Neuer Standort rund 300 Meter entfernt

Aufgrund anstehender Sanierungsarbeiten des Parkhausbetreibers musste der Taubenschlag am Lampertshof abgebaut werden. Die Tauben wurden in einen neu eingerichteten Taubenschlag auf dem Parkhaus Bormannspfad am Hauptbahnhof gebracht. Dieser liegt rund 300 Meter Luftlinie vom bisherigen Standort entfernt.

Da Tauben nach Angaben der Stadt sehr standorttreu sind, bleiben die Tiere zunächst im neuen Taubenschlag, um Rückflüge zum Parkhaus am Lampertshof zu vermeiden. Anschließend soll ihnen wieder Freiflug ermöglicht werden.

Die Umsiedlung solle sowohl dem Tierschutz als auch der weiteren Kontrolle der Taubenpopulation dienen. Insbesondere solle verhindert werden, dass die bislang im Taubenschlag betreuten Tiere künftig unkontrolliert im Stadtgebiet brüten.
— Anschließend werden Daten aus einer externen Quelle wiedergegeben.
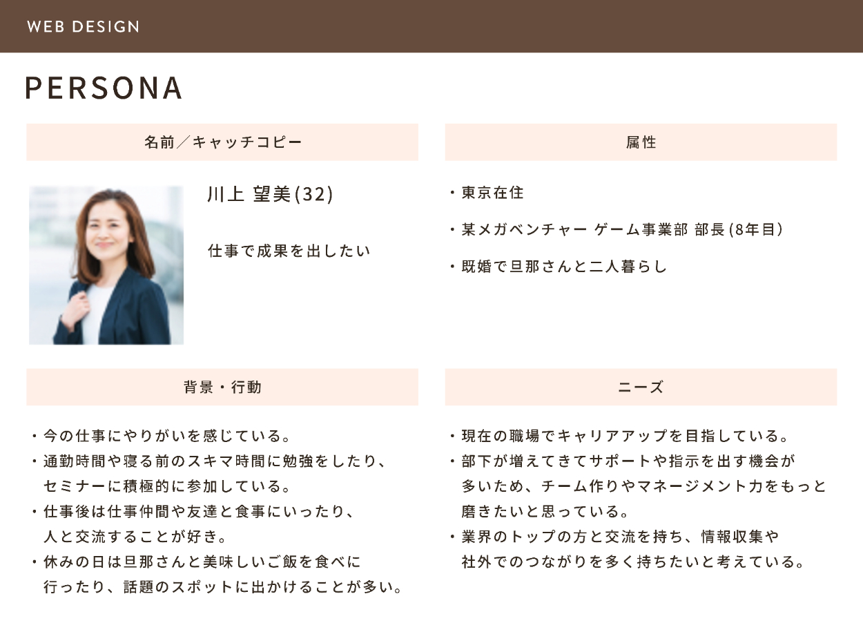 ペルソナに、チームで働くことが好き、トレンドに敏感な女性を設定しました。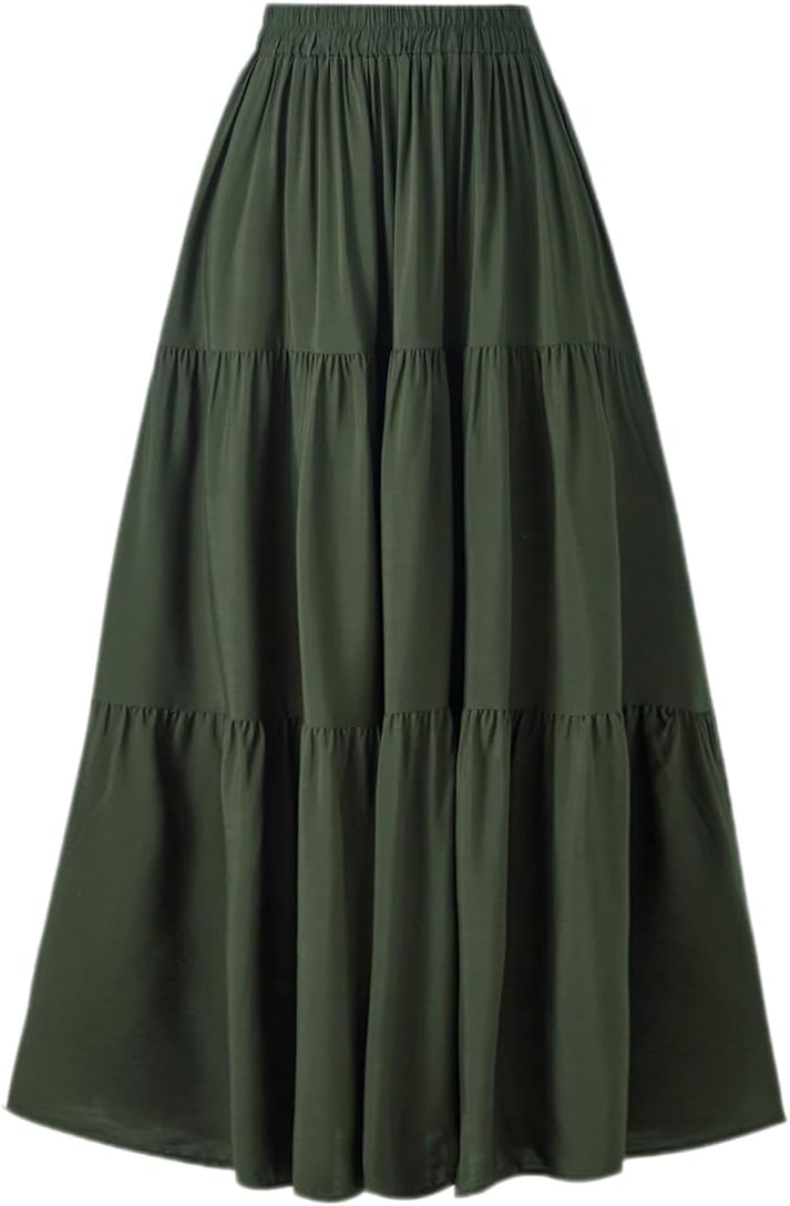 OSTOO Women's Summer Long Flowy Renaissance Skirt with Pockets - Boho High Waist A-Line Maxi Skirt

Umsiedlung und neuer Taubenschlag wurden nach Angaben der Stadt durch das saarländische Ministerium für Umwelt, Klima, Mobilität, Agrar und Verkehr gefördert.

Stadt beobachtet Situation am bisherigen Standort

Vor der Umsiedlung hatte die Stadt die Tiere gezählt, die den Taubenschlag am Lampertshof genutzt hatten. Tatsächlich wurden mehr Tauben an den neuen Standort gebracht, als bei dieser Zählung festgestellt worden waren. Nach Einschätzung der Stadt handelt es sich bei den weiterhin am Lampertshof beobachteten Tieren vermutlich überwiegend um Tauben, die durch das ausgegebene Futter angelockt worden waren und den Standort ausschließlich zum Fressen genutzt hatten.

Seit der Umsiedlung ist laut Stadt zu beobachten, dass vermehrt Tauben den weiter bestehenden Taubenschlag auf dem Parkhaus am Rathaus anfliegen. Dort habe die Stadt die Futtermenge zumindest vorübergehend angepasst. In Abstimmung mit der Tierschutzbehörde werde die weitere Entwicklung beobachtet und geprüft, ob zusätzliche Maßnahmen erforderlich sind.